Organization in Islamabad, Pakistan

Standing Committee for Scientific and Technological Cooperation (COMSTECH) is one of four standing committees of the Organisation of Islamic Cooperation dedicated to the promotion and cooperation of science and technology activities among the OIC member states.

== Foundation ==
COMSTECH was established by the OIC's Islamic Summit in Mecca on 1981 and comprises the OIC member states for the sake of building on indigenous capabilities in science and technology, promotion and cooperation in relevant areas, and establishment of institutional structure for planning and development at Ummah level.

== Objectives ==
Their stated objectives are:
- Assessment of the human and material resources of OIC member states and determination of science and technology needs and requirements.
- Building up the indigenous capability of member states in the fields of science and technology through cooperation and mutual assistance.
- Promotion of cooperation and coordination amongst the member states in science and technology.
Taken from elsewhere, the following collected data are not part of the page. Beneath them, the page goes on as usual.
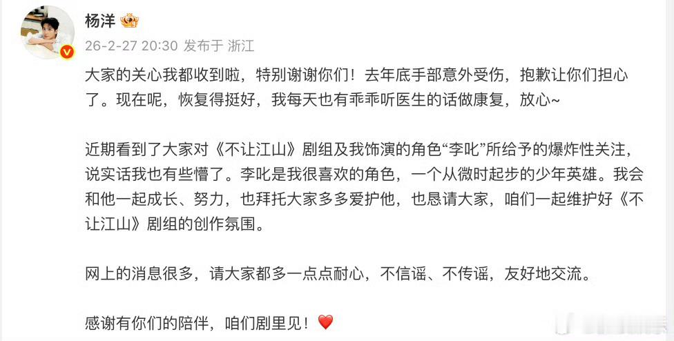 杨洋回应不让江山争议不让江山剧组回应杨洋 27日,《不让江山》新路透曝光,杨洋的手好肿引发热议。刚刚,杨洋发文报平安感谢大家关心,并表示恢复得挺好。对于《不让江山》相关争议,他表示李叱是自己很喜欢的角色,会和他一起成长、努力,也拜托大家多多爱护他,“网上的消息很多,请大家都多一点点耐心,不信谣、不传谣,友好地交流。”随后,转发回应,会和艺人团队继续保持积极沟通,谨遵医嘱并合理安排杨洋的拍摄计划,也将对大家关注的问题持续跟进和调整。
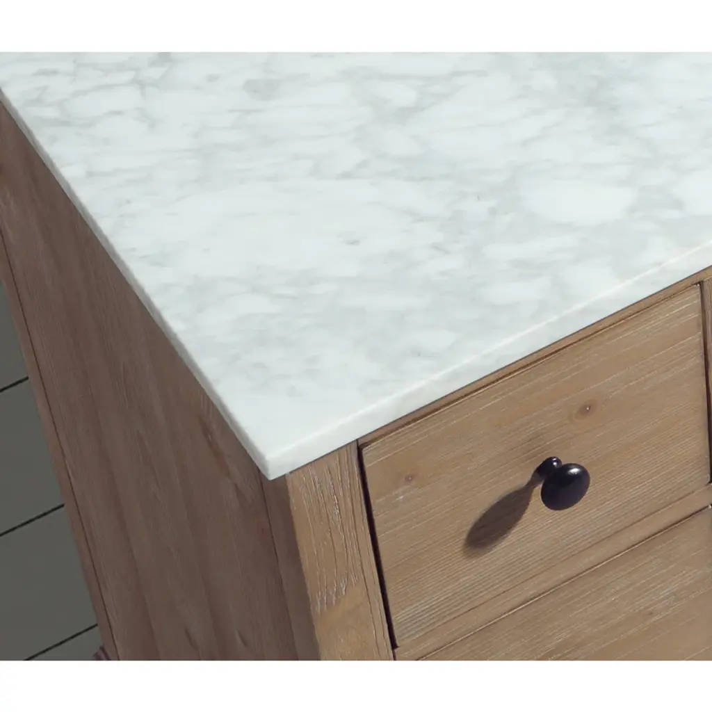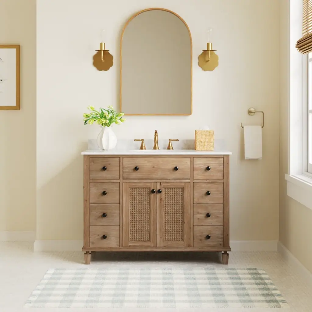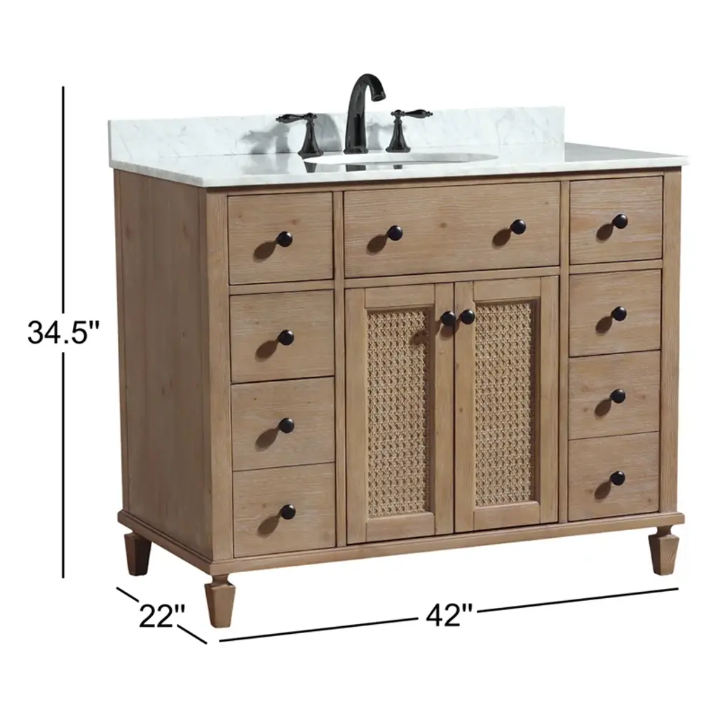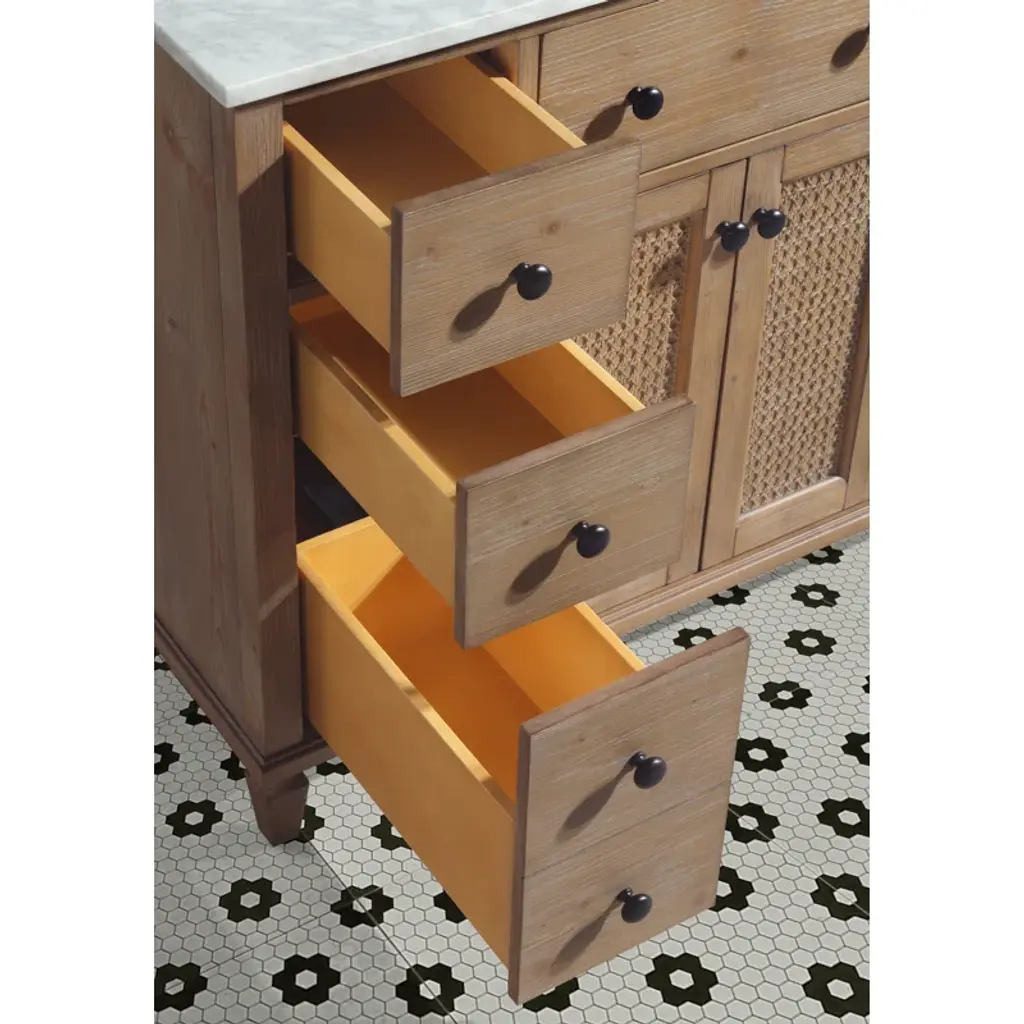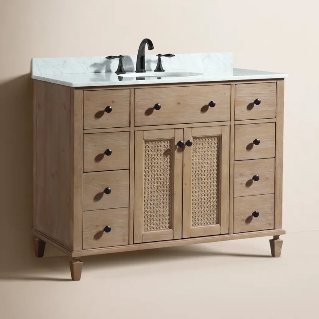 This freestanding vanity completes the look of your main or guest bathroom. It comes with a sink and backsplash, so with plumbing supplies and installation, you’re ready to wash up! The cabinet is made from solid wood with a warm finish that highlights the natural grain variation, and it stands on square tapered feet. The oval undermount sink is made from ceramic and is integrated into the Carrara marble top, leaving you plenty of room for toiletries and essentials. There are six soft-close drawers each with quality dovetail joints and a roomy cabinet that has rattan door fronts.
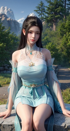 1girl,solo,black hair,long hair,sash,jewelry,hair ornament,bare shoulders,necklace,off-shoulder dress,<lora:add_detail细节增加:0.7>,scenery,outdoors,tree,day,sky,nature,mountain,forest,rock,blue sky,long_legs,huge filesize,realistic,reality,<lora:熏儿:0.7>,long_legs,close-up,solo_focus,sitting,looking_at_viewer,
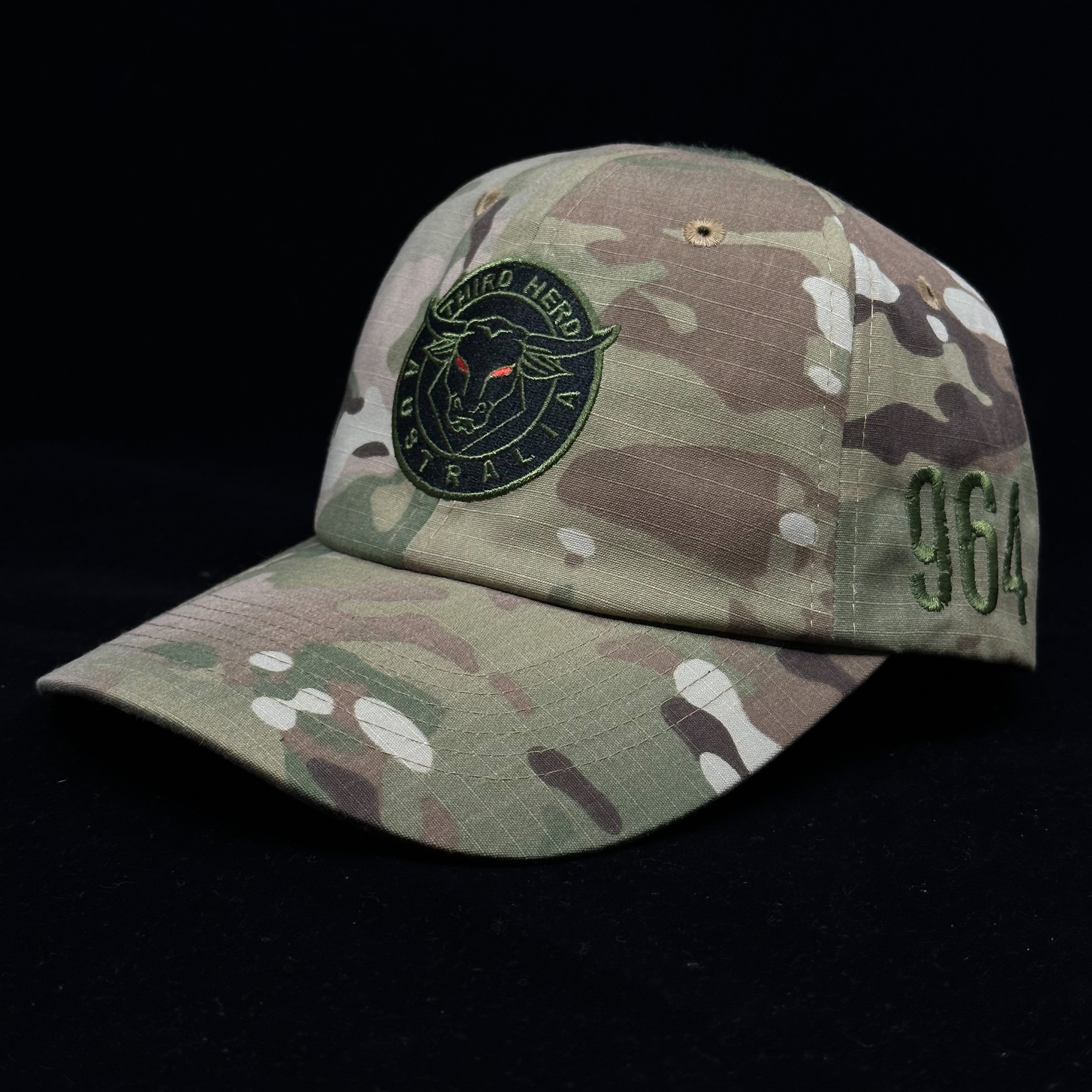 3 SQN Cap in Multicam & Black Multicam Ripstop and Tan Heavy Drill.
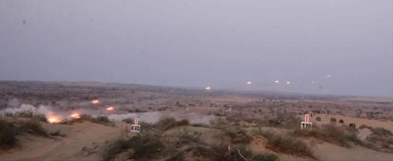 रेगिस्तान में गूंजती गोलाबारी, आसमान में मंडराते हेलीकॉप्टर और ड्रोन की आवाज…यह सिर्फ एक अभ्यास नहीं, बल्कि सामरिक तैयारी का प्रदर्शन था। भारतीय सेना ने स्पष्ट कर दिया कि देश की सीमाओं की सुरक्षा के लिए वह हर चुनौती का सामना करने को पूरी तरह तैयार है।

Creation of an effective institutional structure of planning, research and development and monitoring of science and technology activities in high technology areas.

== Inter-Library Resource Network ==
The Inter-Library Resource Network Service is a programme that networks libraries of the OIC member states, requiring all member institutions to provide free access to the users of other members.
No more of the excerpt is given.